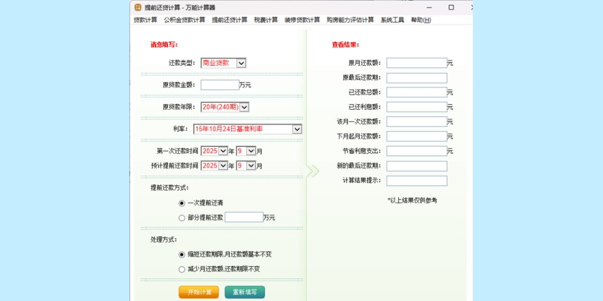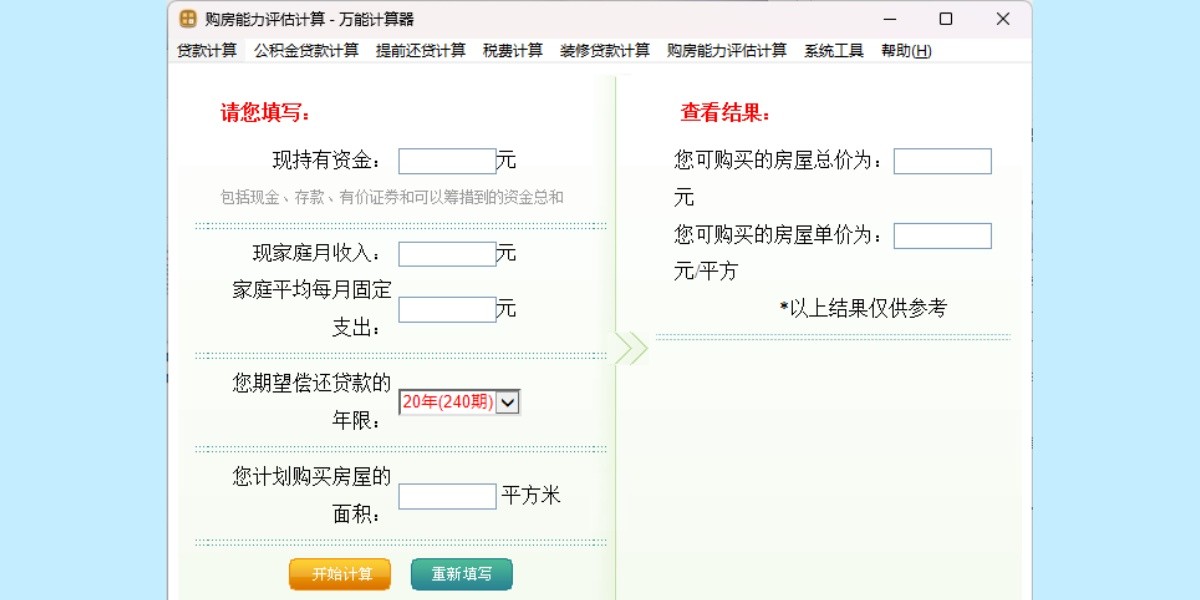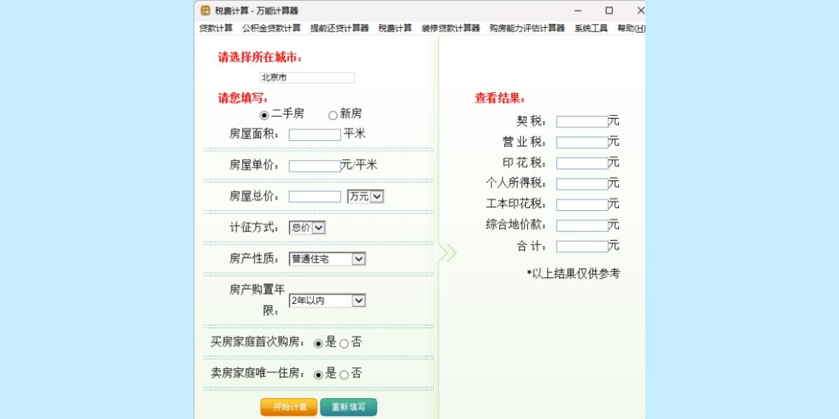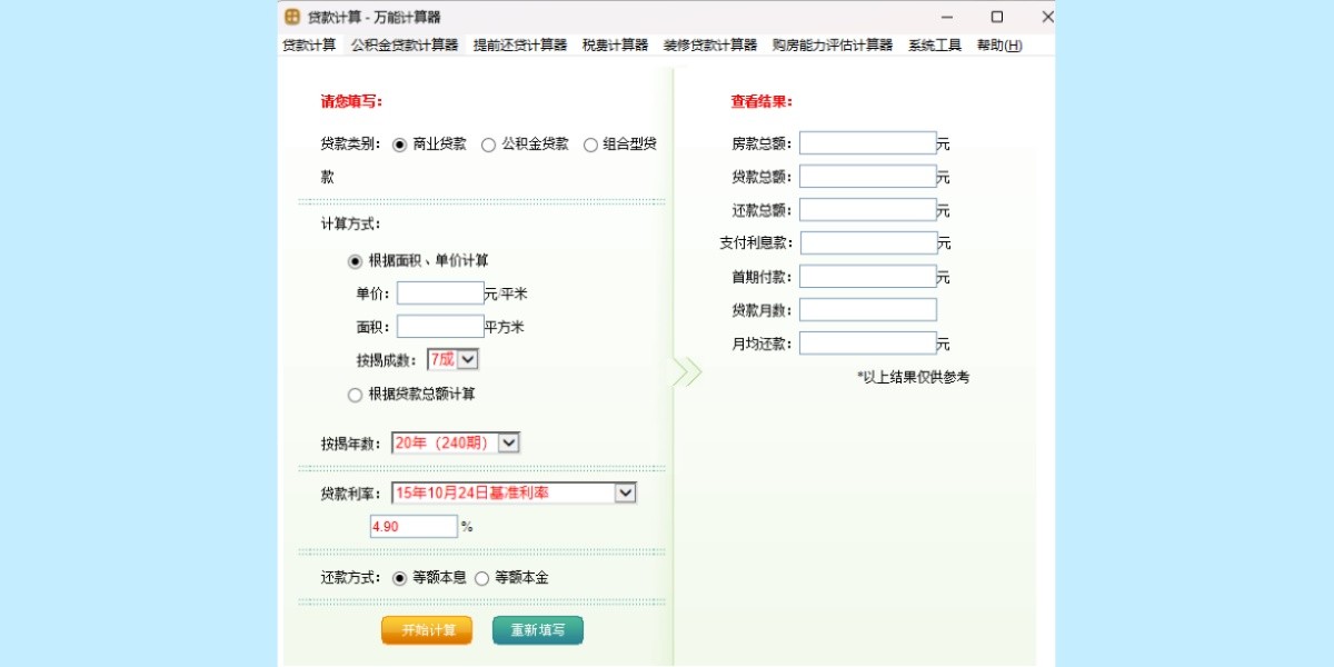 集成房贷计算器、个税计算器、五险一金比例查询及人民币大写转换功能。
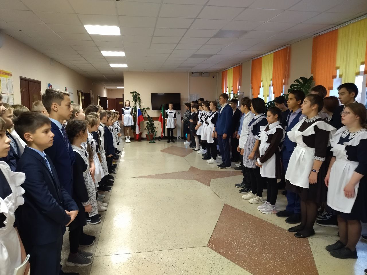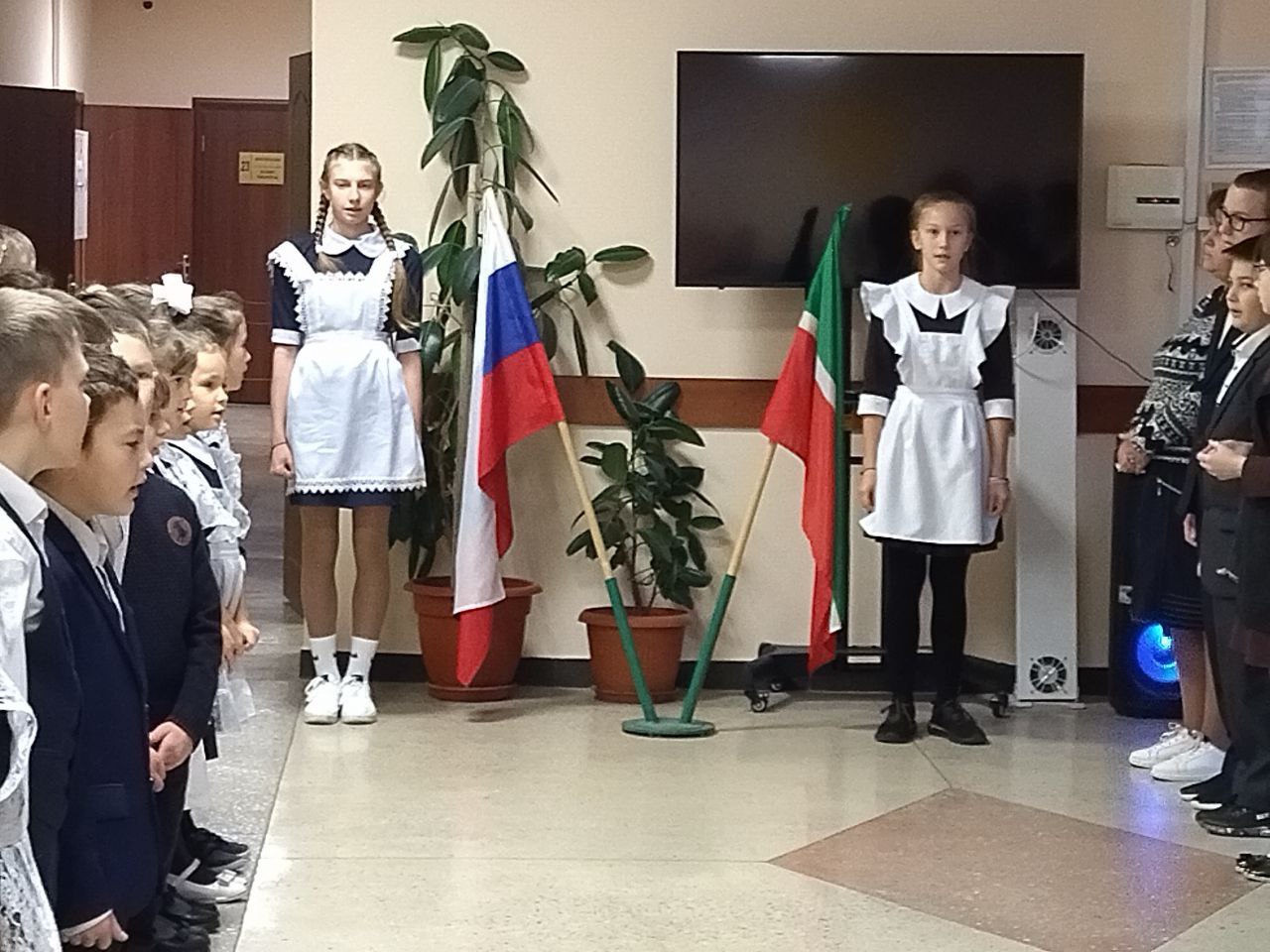 Почетное право выноса флага Российской Федерации и флага Республики Татарстан на этой неделе было предоставлено ученице 9 класса Мокшиной В. и ученице 7 класса Ахмадуллиной Д., участницам Межрегионального турнира по художественной гимнастике "Kazan Stars Open". Девочки, вы молодцы.
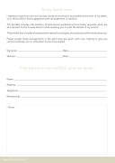 I I wanted to spare you as as much anxiety doubt and confusion as as possible at at the time of my death so so in in this booklet I I have suggested some arrangements in in advance This booklet includes vital statistics funeral funeral service service guidelines and cemetery requests which are all important to to to the the funeral funeral director while assisting you to to to plan the the details of my service service The booklet also includes more personal material for eulogies obituaries and other remembrances Please accept these arrangements in in the the the the spirit they are are given with love hoping to to give give you you comfort and help you to remember the the the the time we shared Signature: Witness:
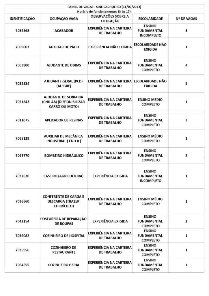 Receba as principais notícias no seu WhatsApp! clique aquiAs oportunidades de emprego são para diversos cargos e níveis de escolaridade e para cidades do Sul do ES. No entanto, é preciso fazer um cadastro no Sine Cachoeiro para concorrê-las.
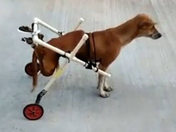 ನಾಯಿಯ ಹೊಟ್ಟೆಯ ಭಾಗಕ್ಕೆ ಪೈಪ್ ಜೋಡಿಸಿ ಅದಕ್ಕೆ ಚಕ್ರ ಕೂರಿಸಲಾಗಿದೆ. ಇದಕ್ಕೆ ಒಟ್ಟು 800 ರೂಪಾಯಿ ಖರ್ಚು ತಗುಲಿದೆ.
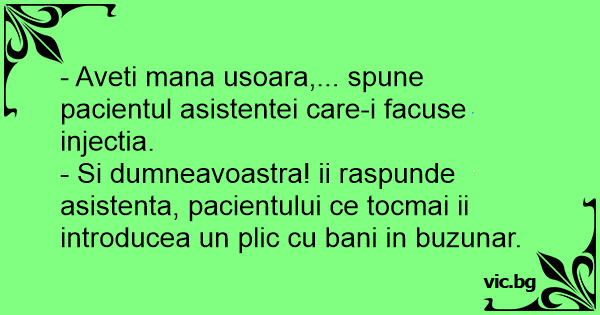 - Aveti mana usoara,... spune pacientul asistentei care-i facuse injectia.
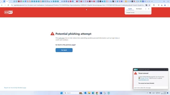 Qalib olduqdan sonra kartı əldə etmək üçün açılan səhifəni kompüterə yüklənmiş antivirus proqramı “Potensial fişinq cəhdi” adlandıraraq, açılmasının qarşısını alır.
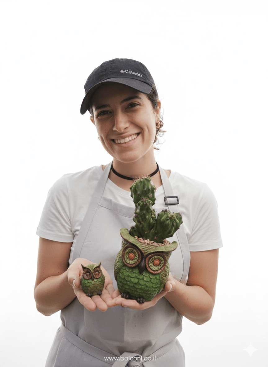 יצירת בטון בעבודת יד בצורת ינשוף. באיסוף עצמי ניתן לקבל את יצירת הבטון בשלל צבעים, במשלוח תשלח יצירת הבטון בצבע אפור בתוספת צמחייה מהממת וחיפוי אבנים יפות.
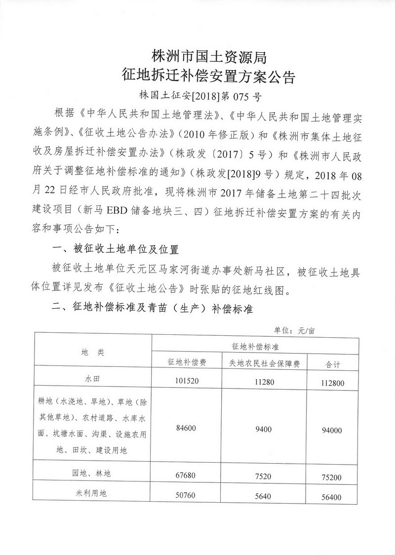 征地拆迁补偿安置方案公告—新马EBD储备地块三、四
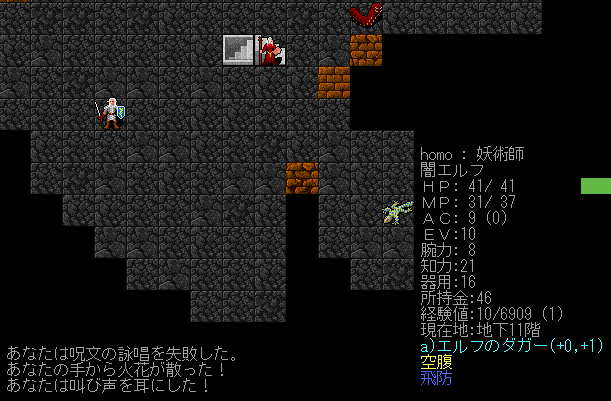 上の画像は地下11階に降りて猛火の矢の詠唱に失敗したもの。空腹になっているし危ないですね。このあとは無事に火炎魔法で敵を葬りイモリ(?)の肉を食べました。リアルで混乱をしていたのかな?プレイが雑すぎる。
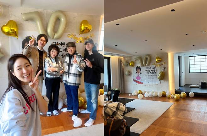 공개된 사진 속에는 고급 호텔에서 열린 칠순 파티 현장이 담겨 있다. '70'이라는 숫자 풍선과 화려한 장식으로 꾸며진 공간에서, 전성애 씨는 꽃다발을 들고 환한 미소를 짓고 있다. 가족들은 단란한 분위기 속에서 기념촬영을 하며 따뜻한 시간을 보냈다.
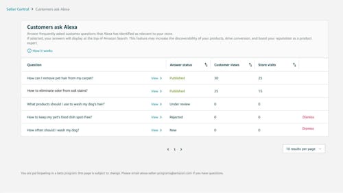 — Brands will have to register with Amazon’s Brand Registry, where they’ll see the Customers ask Alexa feature in Seller Central. The dashboard will show brands the most frequent asked customer questions so that they can set up answers for Alexa to respond with. Alexa then selects the most relevant answer to share with the customer.
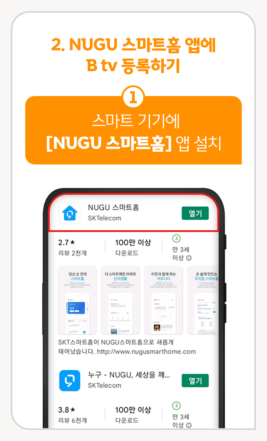 ① 스마트 기기에 [NUGU 스마트홈] 앱 설치

------------------------------------------------------------

● DIRECTIONS:
For each entry, repeat its text exactly and leave out any picture it holds.

● OUTPUT OF THE EXERCISE:
 集成房贷计算器、个税计算器、五险一金比例查询及人民币大写转换功能。
 Почетное право выноса флага Российской Федерации и флага Республики Татарстан на этой неделе было предоставлено ученице 9 класса Мокшиной В. и ученице 7 класса Ахмадуллиной Д., участницам Межрегионального турнира по художественной гимнастике "Kazan Stars Open". Девочки, вы молодцы.
 I I wanted to spare you as as much anxiety doubt and confusion as as possible at at the time of my death so so in in this booklet I I have suggested some arrangements in in advance This booklet includes vital statistics funeral funeral service service guidelines and cemetery requests which are all important to to to the the funeral funeral director while assisting you to to to plan the the details of my service service The booklet also includes more personal material for eulogies obituaries and other remembrances Please accept these arrangements in in the the the the spirit they are are given with love hoping to to give give you you comfort and help you to remember the the the the time we shared Signature: Witness:
 Receba as principais notícias no seu WhatsApp! clique aquiAs oportunidades de emprego são para diversos cargos e níveis de escolaridade e para cidades do Sul do ES. No entanto, é preciso fazer um cadastro no Sine Cachoeiro para concorrê-las.
 ನಾಯಿಯ ಹೊಟ್ಟೆಯ ಭಾಗಕ್ಕೆ ಪೈಪ್ ಜೋಡಿಸಿ ಅದಕ್ಕೆ ಚಕ್ರ ಕೂರಿಸಲಾಗಿದೆ. ಇದಕ್ಕೆ ಒಟ್ಟು 800 ರೂಪಾಯಿ ಖರ್ಚು ತಗುಲಿದೆ.
 - Aveti mana usoara,... spune pacientul asistentei care-i facuse injectia.
 Qalib olduqdan sonra kartı əldə etmək üçün açılan səhifəni kompüterə yüklənmiş antivirus proqramı “Potensial fişinq cəhdi” adlandıraraq, açılmasının qarşısını alır.
 יצירת בטון בעבודת יד בצורת ינשוף. באיסוף עצמי ניתן לקבל את יצירת הבטון בשלל צבעים, במשלוח תשלח יצירת הבטון בצבע אפור בתוספת צמחייה מהממת וחיפוי אבנים יפות.
 征地拆迁补偿安置方案公告—新马EBD储备地块三、四
 上の画像は地下11階に降りて猛火の矢の詠唱に失敗したもの。空腹になっているし危ないですね。このあとは無事に火炎魔法で敵を葬りイモリ(?)の肉を食べました。リアルで混乱をしていたのかな?プレイが雑すぎる。
 공개된 사진 속에는 고급 호텔에서 열린 칠순 파티 현장이 담겨 있다. '70'이라는 숫자 풍선과 화려한 장식으로 꾸며진 공간에서, 전성애 씨는 꽃다발을 들고 환한 미소를 짓고 있다. 가족들은 단란한 분위기 속에서 기념촬영을 하며 따뜻한 시간을 보냈다.
 — Brands will have to register with Amazon’s Brand Registry, where they’ll see the Customers ask Alexa feature in Seller Central. The dashboard will show brands the most frequent asked customer questions so that they can set up answers for Alexa to respond with. Alexa then selects the most relevant answer to share with the customer.
 ① 스마트 기기에 [NUGU 스마트홈] 앱 설치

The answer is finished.